Work Zone Speeding Ticket Illinois | Cook County

Photo enforcement of work zone speed limits in Illinois generally

by Sami Azhari on February 20, 2012

The spring and summer traffic season is fast approaching in the Chicago area. As is the case every year, motorists can expect increased delays due to construction, and holiday traffic jams.

But motorists can also expect what has become an annual tradition on Chicago region highways: increased enforcement of work zone speed limits by automated traffic cameras.

State law allows the Illinois State Police to designate works zones on interstate highways as speed zones where the posted speed limit can be enforced by an automated traffic control camera. The law allows the police to issue speeding tickets even where no police officer is physically present and no officer can testify in court that he saw the motorist speeding.

The Automated Traffic Control Systems in Highway Construction or Maintenance Zones Act (625 ILCS 7/1) allows the State Police to issue speeding tickets for drivers who are traveling less than 30 miles an hour over the speed limit in any work zone when they are photographed by an automated system.

A motorist who violates the speed limit and is photographed will receive a ticket in the mail ordering them to appear in the county Circuit Court.

The minimum fine for speeding in a work zone is $250 plus court costs, which is usually $375 total, as indicated on the warning signs.
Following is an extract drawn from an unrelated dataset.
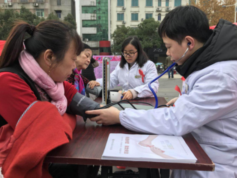 不忘初心深入社区服务于民共享健康生活活动中,医务人员详细向群众讲解了艾滋病的传播途径、预防措施与艾滋患者接触的注意事项等艾滋病相关知识,发放艾滋病防治宣传手册和免费安全套,并免费测量血压。

Speeding in a work zone is a moving violation, and thus, it can result in a suspended license. In fact, the rules concerning moving violations and the resultant suspended license have an exception for work zone speeding tickets.
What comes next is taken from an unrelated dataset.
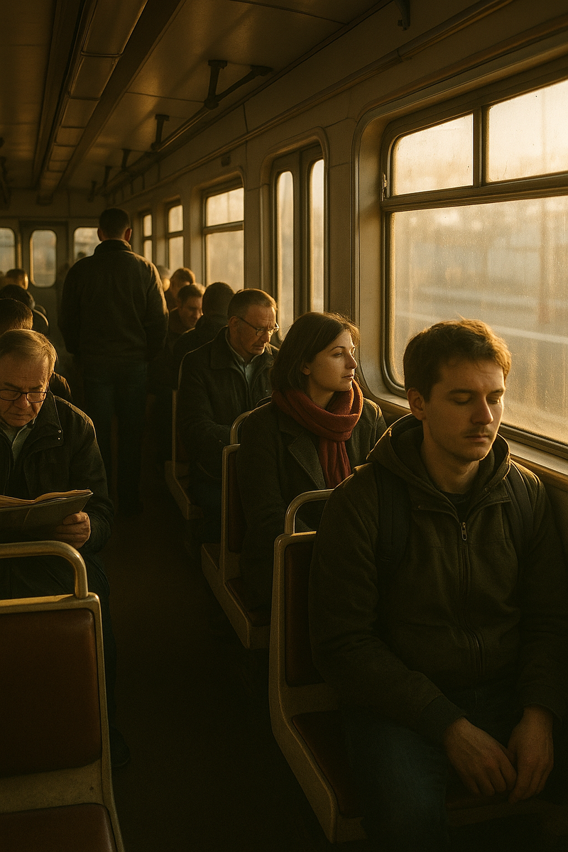 Ещё одна деталь утренних поездок - взгляд. Люди стараются не встречаться глазами, как будто это лишняя вовлечённость. Но иногда всё равно ловят друг друга на этих быстрых пересечениях. Удивительное ощущение: на секунду жизнь одного человека соприкасается с жизнью другого, и в этом коротком контакте видно усталость, надежду, раздражение, смешок. Потом каждый снова уходит в свои дела, но общее поле на пару мгновений становится чуть живее.

For an adult who is 21 years of age or older, the Secretary of State will suspend his license for three moving violations in 12 months. But there is an exception to the rule concerning work zone speeding tickets.

It only takes two work zone speeding tickets to lose one’s license. The Secretary of State is authorized to suspend a person’s driver’s license for 90 days for two work zone speeding tickets within any 24-month period of time. 625 ILCS 5/11-605.1(g).

If you receive a ticket by mail directing you to appear in court, you should consult with an attorney. Two years is a long time to watch out for work zone traffic cameras. If you get only one speeding ticket from a work zone traffic camera, you are halfway towards losing your license.

An attorney who is qualified to represent you in traffic court may be able to get ticket dismissed. There are multiple technicalities on which a judge could dismiss the ticket or find you not guilty. Consult with a lawyer.